Every line of the records below from the line with "This large Cobweb" up to and including the line with "Unframed painting titled" must be reproduced exactly, and no line outside that range.

*** Opening Exercise inputs ***

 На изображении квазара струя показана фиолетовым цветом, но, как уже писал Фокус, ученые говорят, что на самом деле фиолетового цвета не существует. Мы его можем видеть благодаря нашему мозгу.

*** Closing Exercise inputs ***
*** Opening Exercise inputs ***

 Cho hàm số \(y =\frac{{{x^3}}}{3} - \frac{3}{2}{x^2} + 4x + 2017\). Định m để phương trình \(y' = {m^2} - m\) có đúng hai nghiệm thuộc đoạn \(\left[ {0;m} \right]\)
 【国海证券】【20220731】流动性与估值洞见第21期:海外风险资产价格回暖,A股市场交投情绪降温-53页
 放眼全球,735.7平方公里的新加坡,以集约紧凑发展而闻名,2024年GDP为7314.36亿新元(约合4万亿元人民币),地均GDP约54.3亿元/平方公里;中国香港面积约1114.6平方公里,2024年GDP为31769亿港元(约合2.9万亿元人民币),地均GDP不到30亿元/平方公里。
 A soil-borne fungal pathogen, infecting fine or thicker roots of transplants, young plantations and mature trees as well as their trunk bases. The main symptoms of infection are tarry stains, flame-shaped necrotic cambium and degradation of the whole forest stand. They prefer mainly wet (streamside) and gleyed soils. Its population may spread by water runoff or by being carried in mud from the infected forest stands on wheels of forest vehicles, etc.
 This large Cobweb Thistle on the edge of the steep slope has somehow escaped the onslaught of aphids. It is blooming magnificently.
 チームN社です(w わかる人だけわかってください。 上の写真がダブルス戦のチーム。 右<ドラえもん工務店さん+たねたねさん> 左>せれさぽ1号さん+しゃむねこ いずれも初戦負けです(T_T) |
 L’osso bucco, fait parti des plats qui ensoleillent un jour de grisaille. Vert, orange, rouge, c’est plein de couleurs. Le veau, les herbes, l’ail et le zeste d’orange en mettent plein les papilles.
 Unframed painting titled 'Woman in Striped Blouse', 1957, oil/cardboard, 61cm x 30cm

*** Closing Exercise inputs ***

Output for this task →
 This large Cobweb Thistle on the edge of the steep slope has somehow escaped the onslaught of aphids. It is blooming magnificently.
 チームN社です(w わかる人だけわかってください。 上の写真がダブルス戦のチーム。 右<ドラえもん工務店さん+たねたねさん> 左>せれさぽ1号さん+しゃむねこ いずれも初戦負けです(T_T) |
 L’osso bucco, fait parti des plats qui ensoleillent un jour de grisaille. Vert, orange, rouge, c’est plein de couleurs. Le veau, les herbes, l’ail et le zeste d’orange en mettent plein les papilles.
 Unframed painting titled 'Woman in Striped Blouse', 1957, oil/cardboard, 61cm x 30cm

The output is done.